Question

A spherical body of radius $r$ and density $\sigma$ falls freely through a viscous liquid having density $\rho$ and viscosity $\eta$ and attains a terminal velocity $v_0$. Estimated maximum error in the quantity $\eta$ is : (Ignore errors associated with $\sigma$, $\rho$ and $g$, gravitational acceleration)

• A. $2 \left[ \frac{\Delta r}{r} - \frac{\Delta v_0}{v_0} \right]$
• B. $2 \left[ \frac{\Delta r}{r} + \frac{\Delta v_0}{v_0} \right]$
• C. $\frac{2 \Delta r}{r} + \frac{\Delta v_0}{v_0}$
• D. $2 \frac{\Delta r}{r} - \frac{\Delta v_0}{v_0}$

Hint:

Errors are always added for estimating the "maximum possible" error, even if the variable is in the denominator (negative exponent).

Answer 1

The Correct Option is C

Step 1: Understanding the Concept:
Terminal velocity is given by Stokes' Law. We derive the expression for viscosity $\eta$ and use the propagation of errors for products and powers to find the maximum relative error.

Step 2: Key Formula or Approach:
Terminal velocity $v_0 = \frac{2 r^2 (\sigma - \rho) g}{9 \eta}$.
Rearranging for $\eta$:
\[ \eta = \frac{2 r^2 (\sigma - \rho) g}{9 v_0} \]

Step 3: Detailed Explanation:
The constants (2, 9, $\sigma$, $\rho$, $g$) have zero error.
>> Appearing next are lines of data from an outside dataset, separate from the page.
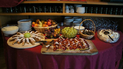 TV sat, telefono e servizi privati sono caratteristiche che accomunano tutte le stanze. La cucina, di stampo italiano-tirolese con caratteri internazionali, propone un menù di 4 portate a scelta, formaggi e dolci fatti in casa. Inoltre: cucina vegetariana, selvaggina, specialità di pesce. Bar e Stube tirolesi.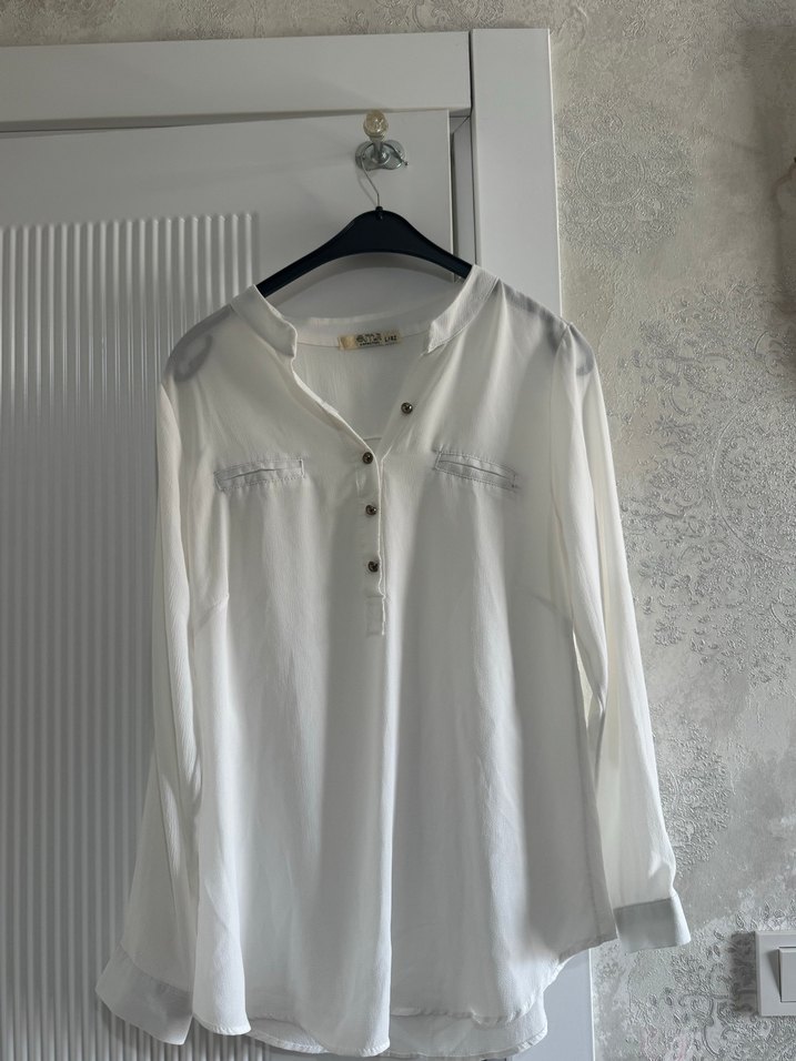 Pamuklu, düğmeli, V yakalı, uzun kollu beyaz gömlek. Salaş kesim ve normal midi boy ile gündelik bohem tarz için uygundur.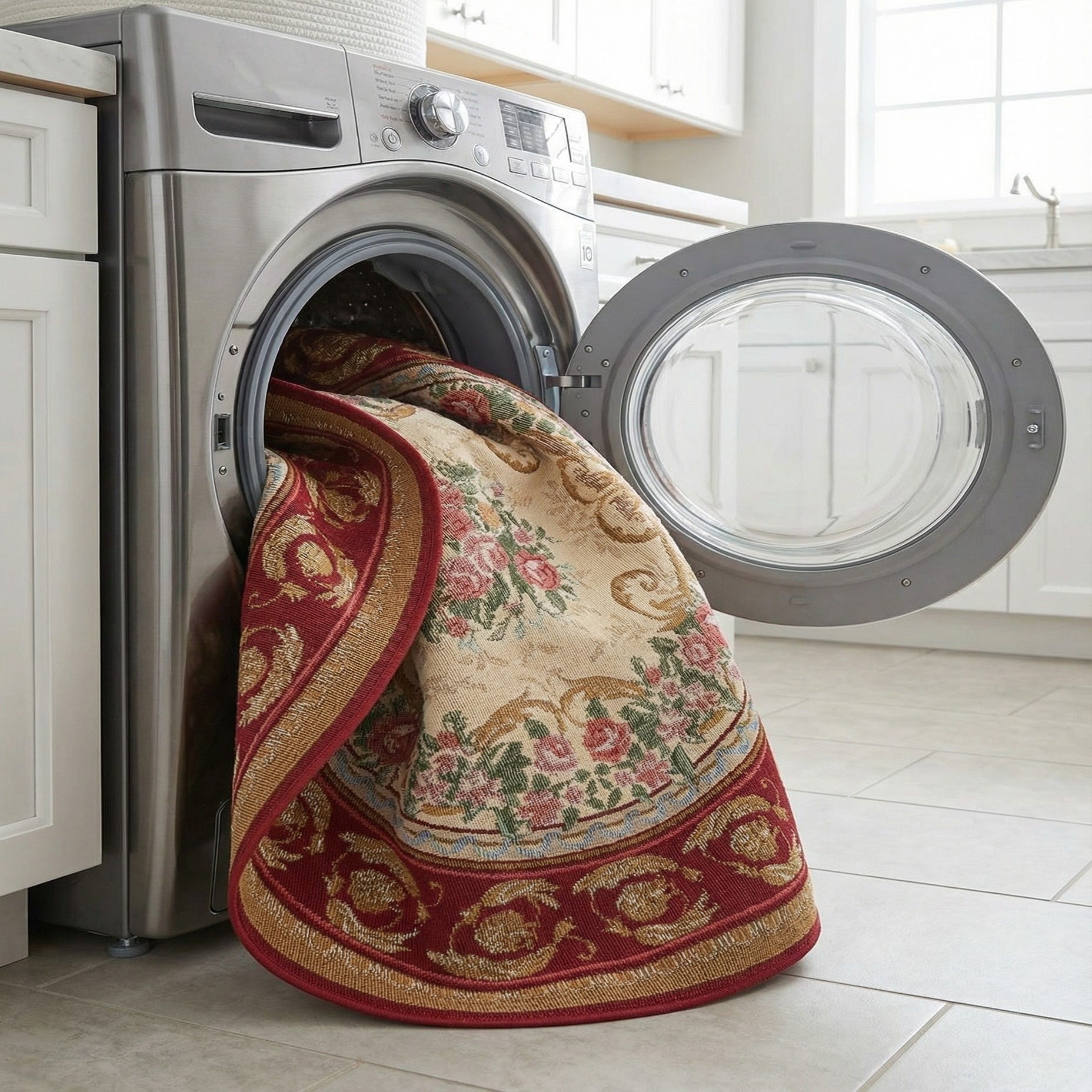 4' x 4' Washable Traditional Indoor / Outdoor Round Rug
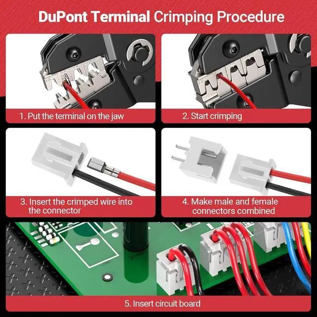 RATCHETING CRIMPER TOOL: Our wire crimping tool features a smooth ratcheting mechanism that ensures perfect crimps every time with minimal effort. The automatic handle release makes crimping JST, DuPont, AMP, Deutsch & Delphi connectors a breeze, saving you time and energy on your electrical projects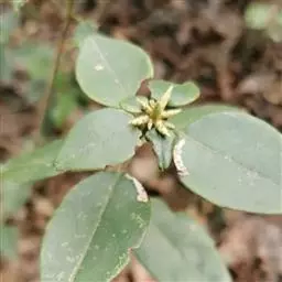 叶多数,散生,叶片纸质,倒卵形,椭圆形至长圆形,长1-2.8厘米,宽0.6-1.5厘米,顶端圆形,有时微凹,基部宽楔形或楔形,全缘,表面近于无毛,背面微被柔毛,中脉、侧脉和网脉均纤细,在表面平坦,在背面突起;叶柄短,长1-2毫米,被微毛。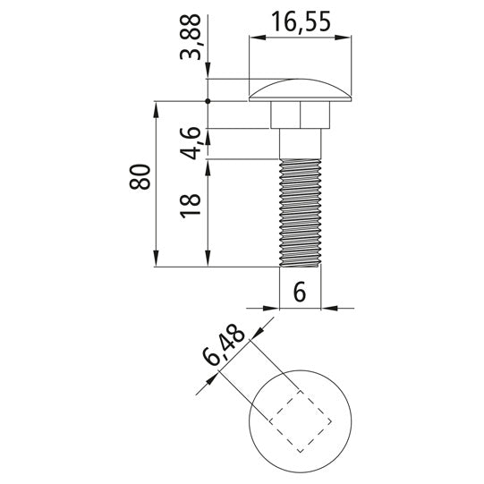 Spetsbult med fyrkantig hals, elförzinkad, M6 x 80, DIN 603, 4.6, med sexkantsmutter
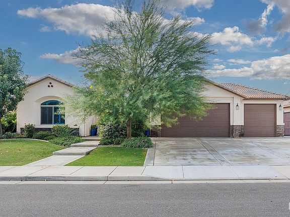 Welcome to your semi-custom, split wing dream home in Quail Run. The kitchen boasts a large island with seating, SS appliances, double ovens, soft-close cabinets, tons of storage and a walk-in pantry. The wood-look plank tile flooring in all the main areas, adds a touch of elegance and warmth. Custom paint & plantation shutters add style to every corner, while the laundry room with a sink offers practicality & convenience. Step outside into your own private oasis, where there are so many entertainment possibilities. The beautifully landscaped back yard stuns with its custom arbor, inviting stone fire pit, & a fenced garden complete with raised beds. Additionally, the side yard boasts plenty of added concrete and RV parking with full hookups. The 3-car drive-through garage, offers the perfect solution for an extra vehicle or for off-road toys. It also comes equipped with OWNED SOLAR, providing energy to power both the home & any future pool. Don't wait, your forever home awaits!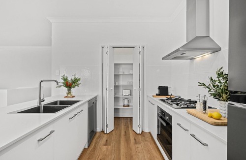 This spacious and modern property offers four bedrooms, the master upstairs with ensuite bathroom, 2 more bedrooms downstairs with Queen Beds and the fourth bedroom has 2 single beds. There is a fully equipped kitchen upstairs, two living areas with Smart TV and Wi-fi, and a laundry with washing machine. Whether you want to enjoy the stunning views of the hills and the sea from the balcony, enjoy a BBQ in the garden, or relax in one of the cosy living rooms with a good book or movie, The White House is the perfect place to unwind and recharge.

The variables with errors are $r$ and $v_0$.
The functional dependence is $\eta \propto r^2 v_0^{-1}$.
Applying the rule for maximum relative error in $Z = A^n B^m$:
\[ \frac{\Delta Z}{Z} = |n| \frac{\Delta A}{A} + |m| \frac{\Delta B}{B} \]
In our case:
\[ \frac{\Delta \eta}{\eta} = 2 \frac{\Delta r}{r} + 1 \frac{\Delta v_0}{v_0} \]
This expression gives the estimated maximum relative error in $\eta$.

Step 4: Final Answer:
The relative error is $\frac{2 \Delta r}{r} + \frac{\Delta v_0}{v_0}$.